When I attended college in the early 2000s, the U.S. had just finished a decade of robust growth that had ended in the “dot com bubble” bursting. Alan Greenspan was still the Chairman of the Federal Reserve, and there was a lot of certainty (or maybe hubris) about economic thought at the time. As a student of economics, I was told deflation was never an issue we would have to worry about. That turned out to hugely false with crashing real estate during the recession we witnessed between 2008 and 2009. Another similar belief was that the world would continue to knock down trade barriers, and global free trade was imminent. I wonder what those same professors are thinking now?
The trading of goods and services is a cornerstone of civilization. None of us produce everything we need ourselves, and we need to trade the specialized goods and services we are skilled at producing for the other goods and services we want. Logically, the more of us we have trading, the more things we will have access to. But this leads to a competitive environment as well, where people producing the same things will need compete for business, and the producer with the lower costs can offer a lower competing price.
When this competition amongst producers happens within our own country, we tend to view it as healthy capitalism. The bad producers might be driven out of business and the better producers survive. But we tend to take a different view of this when we are faced with producers outside the borders of our country. Is it fair if producers from other countries drive ours out of business? Is it fair if our producers drive theirs out of business?
This concept gets more complicated with the rise of transnational companies. Our producers might find it cheaper to manufacture in a different country and then import the products back to our country. This is great for our consumers, but not necessarily for the labor force. And then it gets more complicated, where maybe only certain parts or resources are imported, but then the entire product is assembled here. Would that technically make the finished good an import, in part?

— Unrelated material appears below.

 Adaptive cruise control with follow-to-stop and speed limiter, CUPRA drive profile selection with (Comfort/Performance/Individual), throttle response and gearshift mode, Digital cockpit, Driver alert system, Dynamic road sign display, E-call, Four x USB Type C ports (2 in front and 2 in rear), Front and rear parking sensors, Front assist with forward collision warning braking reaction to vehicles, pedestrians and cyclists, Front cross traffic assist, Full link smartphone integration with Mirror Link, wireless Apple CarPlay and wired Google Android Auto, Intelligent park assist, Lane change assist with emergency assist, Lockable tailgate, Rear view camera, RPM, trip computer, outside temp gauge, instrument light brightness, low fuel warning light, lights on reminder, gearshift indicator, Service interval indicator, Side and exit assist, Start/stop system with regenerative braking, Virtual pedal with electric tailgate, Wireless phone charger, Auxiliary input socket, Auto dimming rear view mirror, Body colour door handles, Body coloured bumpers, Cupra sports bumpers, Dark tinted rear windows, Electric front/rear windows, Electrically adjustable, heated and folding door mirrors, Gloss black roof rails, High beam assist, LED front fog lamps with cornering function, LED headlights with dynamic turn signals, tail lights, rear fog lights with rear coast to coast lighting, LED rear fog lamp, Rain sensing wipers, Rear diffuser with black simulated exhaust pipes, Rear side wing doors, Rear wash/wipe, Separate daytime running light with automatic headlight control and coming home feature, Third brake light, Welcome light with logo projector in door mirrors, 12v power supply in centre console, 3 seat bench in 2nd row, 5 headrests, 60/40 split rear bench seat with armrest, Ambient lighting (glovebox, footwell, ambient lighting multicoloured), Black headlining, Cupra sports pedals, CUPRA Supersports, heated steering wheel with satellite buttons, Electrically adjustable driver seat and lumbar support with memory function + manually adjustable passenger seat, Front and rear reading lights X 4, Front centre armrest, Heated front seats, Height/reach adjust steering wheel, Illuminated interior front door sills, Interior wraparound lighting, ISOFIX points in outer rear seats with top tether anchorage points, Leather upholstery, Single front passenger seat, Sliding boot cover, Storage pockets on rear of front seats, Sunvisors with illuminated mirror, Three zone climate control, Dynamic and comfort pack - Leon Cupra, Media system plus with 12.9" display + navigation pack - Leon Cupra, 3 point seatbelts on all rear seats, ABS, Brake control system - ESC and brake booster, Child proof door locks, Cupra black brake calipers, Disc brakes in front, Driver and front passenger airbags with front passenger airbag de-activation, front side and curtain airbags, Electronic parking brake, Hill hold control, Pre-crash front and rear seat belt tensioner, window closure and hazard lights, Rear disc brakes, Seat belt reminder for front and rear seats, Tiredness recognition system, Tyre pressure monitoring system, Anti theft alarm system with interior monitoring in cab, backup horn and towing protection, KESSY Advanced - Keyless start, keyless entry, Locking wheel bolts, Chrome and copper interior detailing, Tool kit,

Then there is the issue of national security. Is it prudent to rely on other countries for certain products that we deem essential? This has been one of the drivers in having an agriculture policy, so that we are assured a domestic supply of food. Some argue energy is also important to national security, but there has never been a real energy policy for the United States. No matter, these national security interests can clearly affect how international trade works too.

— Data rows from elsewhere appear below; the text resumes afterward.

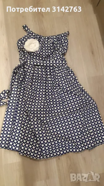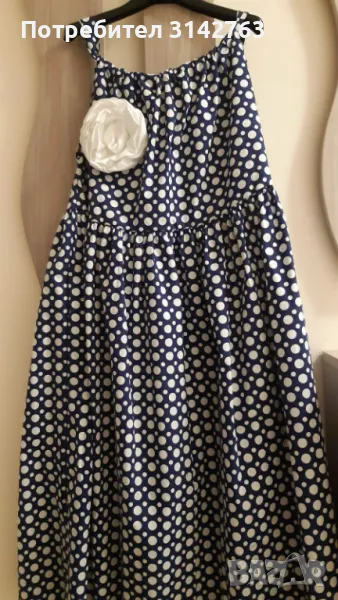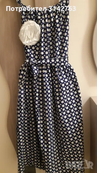 Нова рокля , 100% фин памук, регулиращи се презрамки. Цвете 3D, което може да се сваля. Роклята има колан от плата, но може да се носи и свободно. Тъмно синя на бели точки.
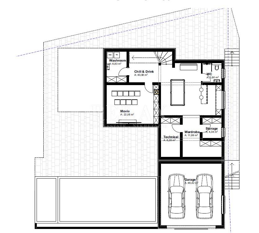 On the ground floor there is a garage for two cars, a storage room, a toilet, a laundry room, and two larger rooms intended for a cinema and a playroom.
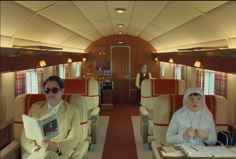 Schon seit Jahren habe ich mich als Kinozuschauer von dem „Dogma“ entfernt, dass ein guter Film eine bis ins kleinste Detail ausgearbeitete Geschichte benötigt. Aber was Anderson, dessen letzter Streifen Asteroid City mich ebenfalls eher gelangweilt zurückließ, hier inhaltlich veranstaltet ist dann doch sehr dürftig. Die überaus dünne Story dient nur als loser Aufhänger, um von einem detailverliebten Setpiece zum nächsten zu jagen. Als Caper mit möglicher Kritik am oder Satire auf den Kapitalismus wirkt die ganze Angelegenheit zu zahnlos und unspannend, auch weil sich die meisten Wendungen sehr beliebig gestalten. Interesse an seinen drei Hauptfiguren (Korda, seine Tochter und der mitreisende Insektenkundler) scheint Anderson auch nicht wirklich zu haben, sonst wären diese nicht so schablonenhaft gezeichnet. Aber immerhin erhalten Benicio del Toro (Traffic, The French Dispatch) als Protagonist, Mia Threapleton (The Buccaneers) als Liesl und Michael Cera (Scott Pilgrim gegen den Rest der Welt) als Bjørn teilweise Gelegenheit, ihren flachen Charakteren ein bisschen Leben einzuhauchen. Von den unzähligen anderen, überwiegend sehr namhaften Darsteller*innen, die teilweise kaum eine Minute zu sehen sind und als prominente Statisten verheizt werden, kann man das leider nicht behaupten.
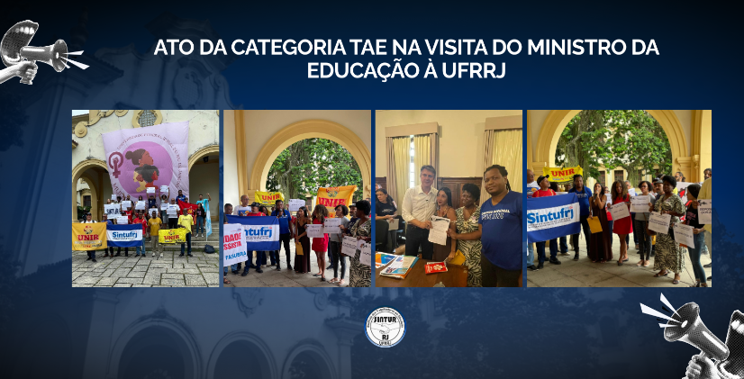 No último 10 de março, os Técnicos-Administrativos em Educação da UFRRJ, organizados pelo Comando Local de Greve do SINTUR-RJ, realizaram um ato de mobilização durante a visita do Ministro da Educação, Camilo Santana, à universidade, por ocasião da recondução do reitor.
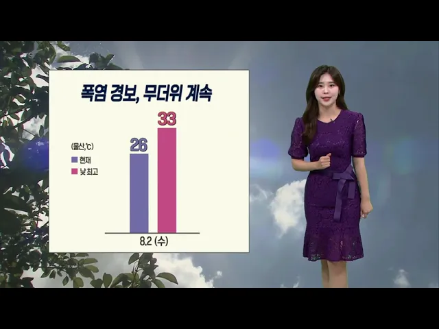 [맑은 날씨, 폭염 위험 수준 '경고'단계] 찌는 듯한 더위에 바깥활동하기가 쉽지 않은 요즘입니다. 울산지역에 폭염경보가 여전히 발효 중인 가운데 오늘 한낮 기온 34도까지 오르겠고요. 현재 기온 26도로 빠른 속도로 기온이 오르고 있습니다. 울산의 폭염 위험 수준도 '경고' 단계를 보이고 있어 대비가 필요한데요. 무...
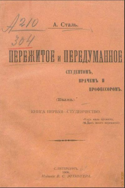 Сталь А., Пережитое и передуманное студентом, врачом и профессором. Быль — 1908
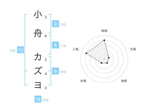 小舟 カズヨさんを姓名の画数から五運を鑑定
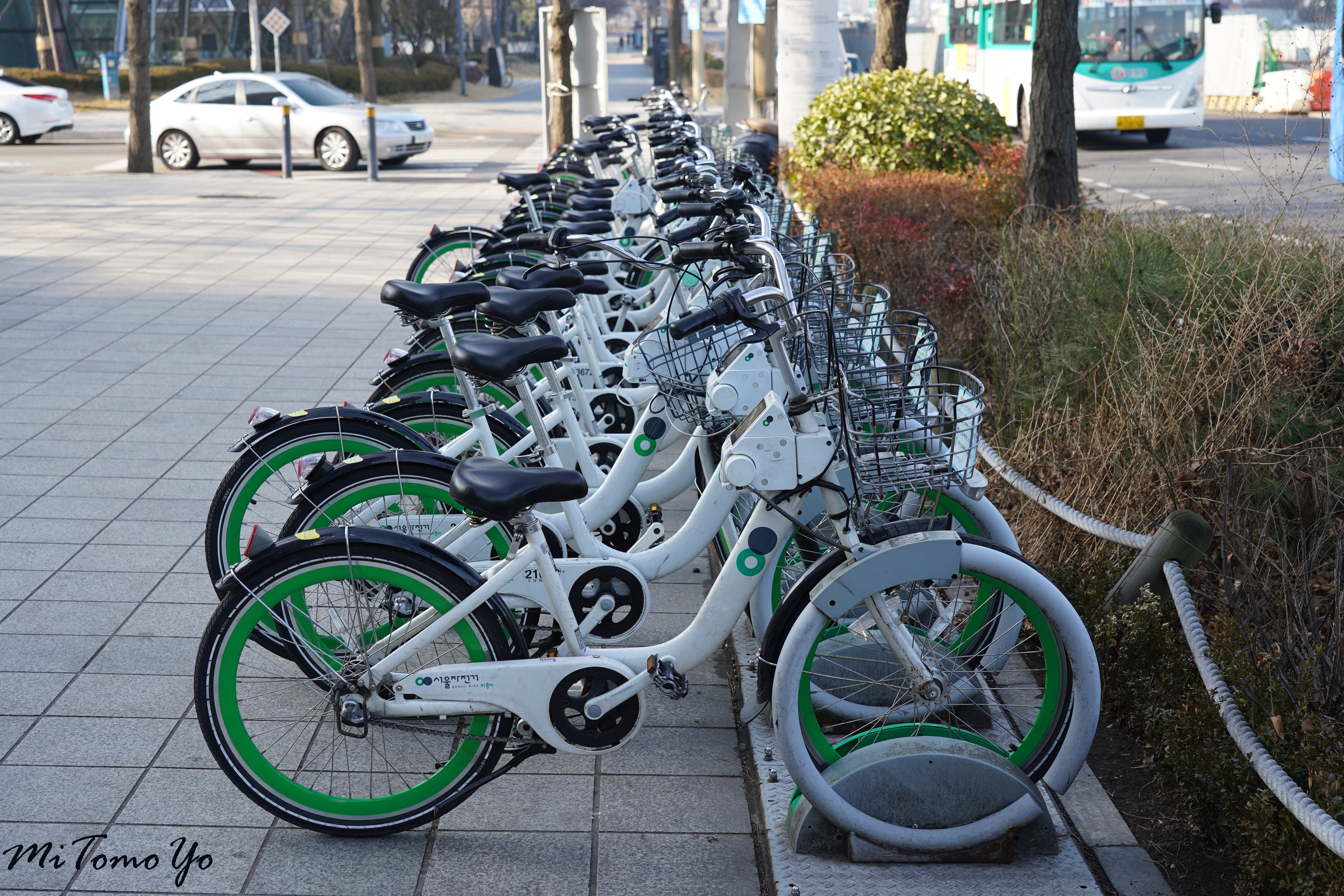 야간근무를 마치고 잠깐 근처를 돌아다니면서 찍은 사진입니다. 출근시간 이후여서 그런지 따릉이가 전부 주차가 되어 있었습니다.

Proponents of free international trade argue it keeps products cheap and it keeps all industries competitive over the long run. They can point to Argentina who recently undertook protectionist trade policies, and it led to people having less choices and paying higher costs for domestically produced goods. Argentinians have also complained the goods are now inferior, because the local producers have less competition so they don’t have to worry about producing high quality goods.
Opponents argue free trade costs domestic jobs and devastate industry. A popular example is how a number of Asian countries prevented the importation of American electronics and cars in the 80s and 90s, so that they could protect their own electronics and automotive industries and give them time to develop. The result is now several of these companies are powerhouses globally, because they benefited from protectionist policies early on.
There is really no way to fully predict how changing international trade agreements will affect the economy. Neither free trade nor protectionist policies yield a win-win solution. However, the only certainty one can predict is there will be a lot of uncertainty, if a country tries to switch from free trade to anti-trade policies or vice versa.